The last 12 months have witnessed radical changes and considerable controversy regarding how childhood and teenage depression is treated. Although few antidepressant drugs have been licensed for pediatric use, rates of prescribing in the under-18 age group have risen by around 60% over the past decade, with over a million children and adolescents receiving what are called selective serotonin reuptake inhibitors (SSRI’s).
Now, however, concerns over these drugs’ safety and side effects in children and adolescents – including elevated suicide rates – have awakened regulators in many countries. After reviewing all relevant pediatric trials, the UK’s Medinces and Heathcare products Regulatory Agency (MHRA) advised that the risks outweighed the benefits for all SSRI’s (except fluoxetine), and that these products should not be prescribed as new therapy for patients under 18 years of age with depressive illness.

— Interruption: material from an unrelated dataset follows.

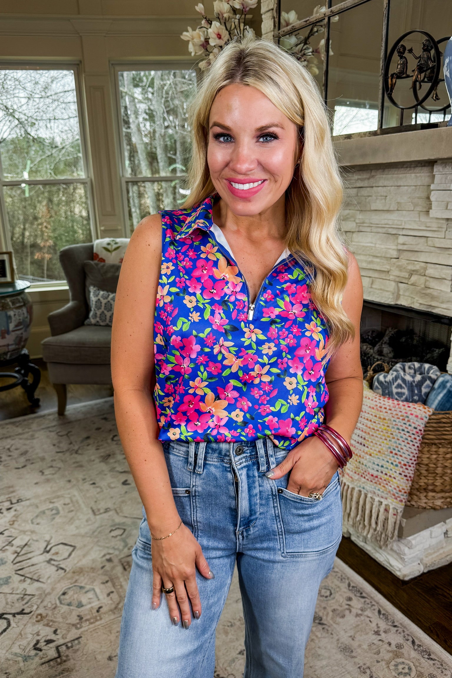 The Sun Dial Quarter Zip Tank in Blue Multi Floral

For the first time, the MHRA made public a summary of the review that this decision was based on, including both efficacy and safety data for all of the trials, regardless of whether they had previously been published or not. This was important because about half of the trials had not been published in peer-reviewed journals.
The pediatric trial data released by the MHRA presented a unique opportunity to examine whether the unpublished data supported the findings from published studies of SSRI’s. My colleagues and I addressed this question in a review published in The Lancet in April 2004. The review showed that while the published data generally indicated minimal risk, the unpublished trial data were far less sanguine, and even suggested an increased risk of serious adverse events, including suicide-related behavior.